You stand at the basketball free-throw line and make 30 attempts at at making a basket. You make 3 baskets, or 10% of your shots. Is it accurate to say that three weeks later, when you stand at the free-throw line, that the probability of making a basket on your first attempt is 10%, or .10?

1 Answer
Jan 1, 2015

It depends. It would take multiple assumptions that are unlikely to be true to extrapolate this answer from the data given for this to be the true probability of making a shot.

One can estimate the success of a single trial based on the proportion of previous trials which succeeded if and only if the trials are independent and identically distributed.
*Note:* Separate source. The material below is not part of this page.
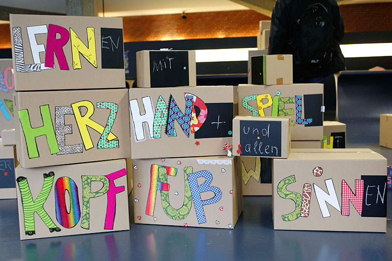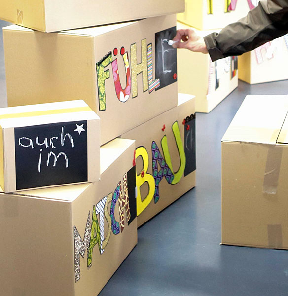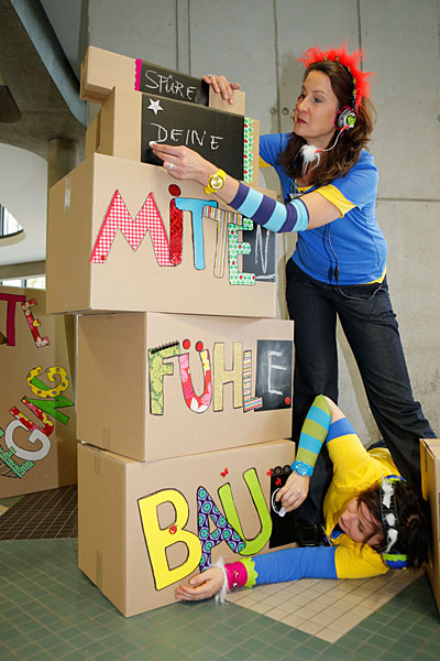 Auf farbenfrohen, kunstvoll gestalteten Kartons finden sich Worte wie Herz oder Matsch oder Spunk, aus denen die PädagogInnen engagiert ganze Sätze formulieren. Wer sich hier aktiv beteiligt, bekommt eine besondere Belohnung: der eigene Name wird getanzt.

This is the assumption made in the binomial (counting) distribution as well as the geometric (waiting) distribution.

However, shooting free throws is very unlikely to be independent or identically distributed. Over time, one can improve by finding "muscle memory," for example. If one steadily improves, then the probability of the early shots were lower than 10% and the finishing shots were higher than 10%.

In this example, we still don't know how to predict the probability of making one's first shot. How much does practice help your next session? How much do you lose the muscle memory by returning three weeks later?
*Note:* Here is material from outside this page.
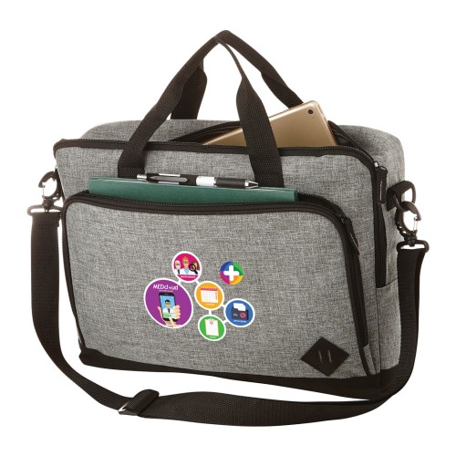 The Graphite 15" Computer Briefcase is made from 600D PolyCanvas and features a spacious, easy-to-access top opening with a padded 15" laptop compartment. It also contains a front pocket with a built-in organizational pocket to provide extra storage. With top grab-handles and a removable, adjustable shoulder strap, this durable laptop briefcase is easy to wear or carry anywhere. Due to the nature of the fabric dyes, weaves, and printing, there may be minor color variations in each item.

However, there is another concept known as personal probability. This fairly subjective concept is based on your own personal knowledge of a situation. It doesn't necessarily represent an accurate picture of reality, but rather is based on one's own interpretation of events.

To determine your personal probability, one can perform the following thought experiment. How much would someone else have to offer you for you to be willing to wager $1 on an event occurring?

Whatever this value #x# is, this defines the odds of the event occurring, which is equal to #1/x#. One can convert this personal odds into personal probability based on the equation:

#"probability" = ("odds")/(1+"odds")#.

If you were willing to accept $9 to bet, then your personal odds would be #1/9#, making your personal probability:

#("odds")/(1+"odds") = (1/9)/(1+(1/9)) = 1/10 = 10%#